Moro tardó mucho en contestar. Al fin dijo:

—Me parece que no le entiendo.

Hasta ese momento, Brunetti no prestaba mucha atención a las palabras, se dejaba guiar por la intuición, como si navegara con piloto automático. Su mente hacía abstracción del significado de lo que decían y se fijaba sobre todo en el tono y los gestos de Moro, su postura y el registro de su voz. Brunetti intuía que aquel hombre se había trasladado a algún lugar situado lejos del dolor, casi como si le hubieran puesto el corazón bajo protección y sólo le hubieran dejado la mente para responder preguntas. Pero quedaba también una sensación de miedo; no miedo de Brunetti sino de decir algo que pudiera revelar lo que había detrás de aquella fachada de tranquilo autodominio.

Brunetti decidió responder lo que era evidente que el doctor había planteado como pregunta.

—He hablado con su esposa,
dottore,
y ella no parece guardarle rencor.

—¿Esperaba que me lo guardara?

—Dadas las circunstancias, creo que sería comprensible.
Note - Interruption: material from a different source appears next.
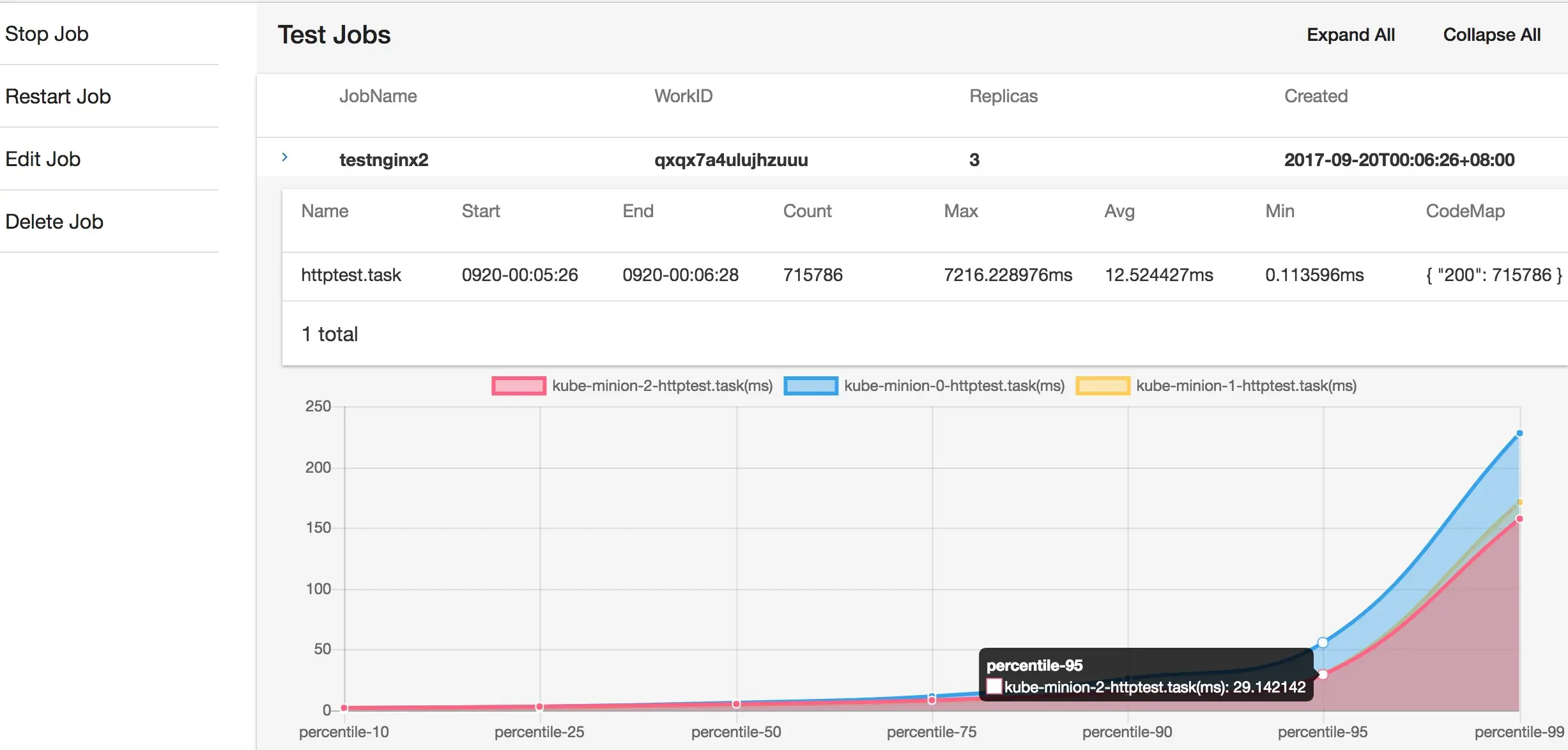 运行完测试的效果,目前还没有加入测试中的client,server资源监控,但是简单的测试统计已经有了。如图是测试的一个运行在1G虚拟机的nginx容器的测试结果。测试结果同时有各个节点的运行结果和汇总结果,同时绘制latency的百分位图。

En cierta medida, ella podría hacerle responsable de lo que le ocurrió a su hijo. Es probable que la decisión de enviarlo a la academia partiera de usted.

Moro le lanzó una mirada de asombro, abrió la boca como para defenderse, pero calló. Brunetti apartó los ojos de la cólera del otro hombre y, cuando volvió a mirar, la cara de Moro estaba vacía de expresión.

Brunetti estuvo mucho rato sin saber qué decir. Cuando por fin habló, fue para decir espontáneamente:

—Me gustaría que confiara en mí,
dottore.

Al cabo de un rato, Moro dijo con voz cansada:

—Y a mí me gustaría confiar en usted, comisario. Pero no confío, ni quiero confiar. —Vio que Brunetti iba a protestar y agregó rápidamente—: No es que no me parezca un hombre honrado; es que he aprendido que no hay que confiar en nadie. —Brunetti trató nuevamente de hablar, y esta vez Moro le atajó levantando una mano—. Además, usted representa a un Estado que yo considero tan criminal como negligente, razón más que sobrada para que yo le niegue mi confianza.

En el primer momento, estas palabras ofendieron a Brunetti y suscitaron en él el deseo de defenderse a sí mismo y su honor, pero, durante el silencio que siguió, comprendió que las palabras del doctor no tenían en absoluto nada que ver con él personalmente. Moro lo veía contaminado, simplemente, porque trabajaba para el Estado. Y el comisario descubrió que no podía rebatir la idea porque, en el fondo, simpatizaba con ella.

Brunetti se puso en pie, pero cansinamente, sin aquella falsa energía que había puesto en este mismo movimiento cuando hablaba con Patta.

—Si decide hablar,
dottore,
le agradeceré que me llame.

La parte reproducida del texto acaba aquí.